ANGUISH FORCE – “The weight of the future”

Oggi Mr. Jack, il boss di Wanikiya Record, ha portato a ZeroPuntoZeroMHz uno dei suoi cavalli di battaglia. Si tratta di uno di quei gruppi nato nell’era d’oro dell’Heavy Metal che è arrivato fino ai nostri giorni portandosi dietro un bagaglio musicale non indifferente.

Dopo anni di oblio (dal 1988 al 1994), passati a scrivere pezzi senza avere una band, nel 1995, il chitarrista LGD (Luigi Guarino D.), costituisce la prima e precaria formazione degli ANGUISH FORCE, allora conosciuta solo come ANGUISH.

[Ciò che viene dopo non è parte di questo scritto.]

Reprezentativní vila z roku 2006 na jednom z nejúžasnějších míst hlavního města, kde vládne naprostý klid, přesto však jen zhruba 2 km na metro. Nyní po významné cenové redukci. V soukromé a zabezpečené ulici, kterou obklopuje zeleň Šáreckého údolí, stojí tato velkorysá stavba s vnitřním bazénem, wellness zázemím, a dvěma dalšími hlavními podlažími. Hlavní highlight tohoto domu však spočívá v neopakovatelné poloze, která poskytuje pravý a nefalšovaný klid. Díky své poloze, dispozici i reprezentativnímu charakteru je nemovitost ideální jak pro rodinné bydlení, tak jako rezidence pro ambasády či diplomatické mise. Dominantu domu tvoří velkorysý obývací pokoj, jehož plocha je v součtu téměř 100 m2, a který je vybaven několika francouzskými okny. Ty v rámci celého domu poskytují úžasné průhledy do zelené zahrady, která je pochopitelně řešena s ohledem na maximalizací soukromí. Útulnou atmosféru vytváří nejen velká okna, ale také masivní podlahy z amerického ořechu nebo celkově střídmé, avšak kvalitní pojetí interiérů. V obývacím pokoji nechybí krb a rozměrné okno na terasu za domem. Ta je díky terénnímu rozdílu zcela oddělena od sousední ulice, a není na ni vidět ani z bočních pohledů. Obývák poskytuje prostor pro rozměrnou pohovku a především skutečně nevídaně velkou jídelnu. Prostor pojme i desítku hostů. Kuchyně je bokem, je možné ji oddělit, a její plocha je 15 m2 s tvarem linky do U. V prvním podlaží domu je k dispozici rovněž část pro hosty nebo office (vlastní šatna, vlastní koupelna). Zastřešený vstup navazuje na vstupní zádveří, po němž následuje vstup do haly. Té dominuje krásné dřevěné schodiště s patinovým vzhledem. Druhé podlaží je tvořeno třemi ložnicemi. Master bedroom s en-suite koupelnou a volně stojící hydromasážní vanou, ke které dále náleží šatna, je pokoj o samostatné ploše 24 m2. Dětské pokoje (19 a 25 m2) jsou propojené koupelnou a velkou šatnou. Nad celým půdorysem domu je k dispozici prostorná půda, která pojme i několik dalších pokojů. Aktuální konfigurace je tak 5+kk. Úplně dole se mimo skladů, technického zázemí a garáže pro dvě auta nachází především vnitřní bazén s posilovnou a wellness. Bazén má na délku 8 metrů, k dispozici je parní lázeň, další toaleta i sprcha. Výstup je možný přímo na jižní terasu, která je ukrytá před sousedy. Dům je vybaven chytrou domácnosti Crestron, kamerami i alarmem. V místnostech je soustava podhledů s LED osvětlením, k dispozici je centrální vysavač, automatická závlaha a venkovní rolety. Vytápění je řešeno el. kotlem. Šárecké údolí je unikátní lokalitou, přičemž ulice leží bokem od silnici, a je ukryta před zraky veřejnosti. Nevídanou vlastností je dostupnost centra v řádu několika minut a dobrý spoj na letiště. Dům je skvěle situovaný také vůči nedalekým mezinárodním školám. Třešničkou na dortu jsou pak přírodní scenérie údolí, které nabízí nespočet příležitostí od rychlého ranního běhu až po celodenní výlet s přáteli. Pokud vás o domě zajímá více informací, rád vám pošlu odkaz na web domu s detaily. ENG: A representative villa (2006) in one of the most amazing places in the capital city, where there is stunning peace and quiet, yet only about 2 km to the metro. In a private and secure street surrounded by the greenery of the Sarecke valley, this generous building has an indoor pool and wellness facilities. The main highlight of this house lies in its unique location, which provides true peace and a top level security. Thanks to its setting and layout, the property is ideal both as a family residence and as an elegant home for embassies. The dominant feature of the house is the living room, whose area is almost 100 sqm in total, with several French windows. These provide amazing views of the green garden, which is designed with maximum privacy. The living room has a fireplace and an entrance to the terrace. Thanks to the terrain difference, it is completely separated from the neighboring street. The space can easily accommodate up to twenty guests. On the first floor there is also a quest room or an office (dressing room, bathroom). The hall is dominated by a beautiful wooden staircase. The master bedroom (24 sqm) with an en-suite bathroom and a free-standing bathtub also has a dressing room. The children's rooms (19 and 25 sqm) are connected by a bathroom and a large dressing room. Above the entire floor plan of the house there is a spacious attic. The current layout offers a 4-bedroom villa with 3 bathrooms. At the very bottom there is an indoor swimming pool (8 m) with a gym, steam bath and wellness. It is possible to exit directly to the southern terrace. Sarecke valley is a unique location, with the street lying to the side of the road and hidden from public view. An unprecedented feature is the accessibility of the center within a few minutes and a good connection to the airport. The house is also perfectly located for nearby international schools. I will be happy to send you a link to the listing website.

L’intento di LGD era quello di suonare il tipo di musica, con la quale era cresciuto nei gloriosi anni ’80 e che nel periodo decennale in corso si stava inquinando con influenze lontane dal classico Heavy Metal.

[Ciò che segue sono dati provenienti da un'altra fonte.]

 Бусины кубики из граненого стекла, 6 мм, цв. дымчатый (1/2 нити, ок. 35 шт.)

E con questo, andando completamente controcorrente, decise di mettere tutte le sue
influenze nella band, a partire dall’Hardrock, passando dall’Heavy Metal allo Speed/Power, fino ad arrivare al Trash.

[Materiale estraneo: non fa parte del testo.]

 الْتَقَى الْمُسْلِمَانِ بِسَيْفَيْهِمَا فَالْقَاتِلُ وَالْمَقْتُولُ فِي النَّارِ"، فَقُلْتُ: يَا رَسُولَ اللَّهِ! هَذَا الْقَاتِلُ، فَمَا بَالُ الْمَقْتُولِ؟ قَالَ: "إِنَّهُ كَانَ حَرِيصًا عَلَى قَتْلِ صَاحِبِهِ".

Un fattore che mette ancora in difficoltà chi cerca di etichettare lo stile di questa
band.
Non fu facile trovare una formazione stabile, in un periodo in cui proporre un tipo di musica da Defenders era equivalente a mirarsi una pistola alla tempia, ma LGD non rinunciò e dopo una serie di sostituzioni, iniziò a trovare elementi più stabili .

Quindi, dal 1998 in poi, i primi demo acerbi cominciarono a uscire, seguiti dal loro primo CD omonimo nel 2003.

Dopo il primo lavoro in studio, la band fa il suo primo salto di qualità e comincia a proporsi più spesso in sede live, partecipando anche ad alcuni festival di rilievo.

Alla fine del 2002, la band decide di cambiare il proprio nome passando da ANGUISH ad ANGUISH FORCE e quindi, nel 2005 il secondo album con il titolo “2: City of Ice” viene rilasciato.

Nell’anno 2006, la band registra i singoli “Defenders united”.
Il 2007 fu condizionato da un grave incidente, che si verificò al polso del LGD, il quale rischiò seriamente una conclusione prematura della sua carriera come chitarrista e che ha tenuto gli ANGUISH FORCE fermi per un lungo periodo di tempo.

Un grande dedizione e una forza di volontà fuori dal comune motivarono LGD finchè le articolazioni della mano iniziarono di nuovo a lavorare correttamente.

Il 2008 è l’anno del concetto “III: Invincibile Imperivm Italicvm”, questo CD si presentò allora come il più ambizioso, prodotto da questa band.

Nell’anno 2009 arriva l’album “Created 4 self-destruction” e una raccolta di canzoni vecchie e inedite: “RRR 1988-1997” completamente riarrangiate e riregistrate.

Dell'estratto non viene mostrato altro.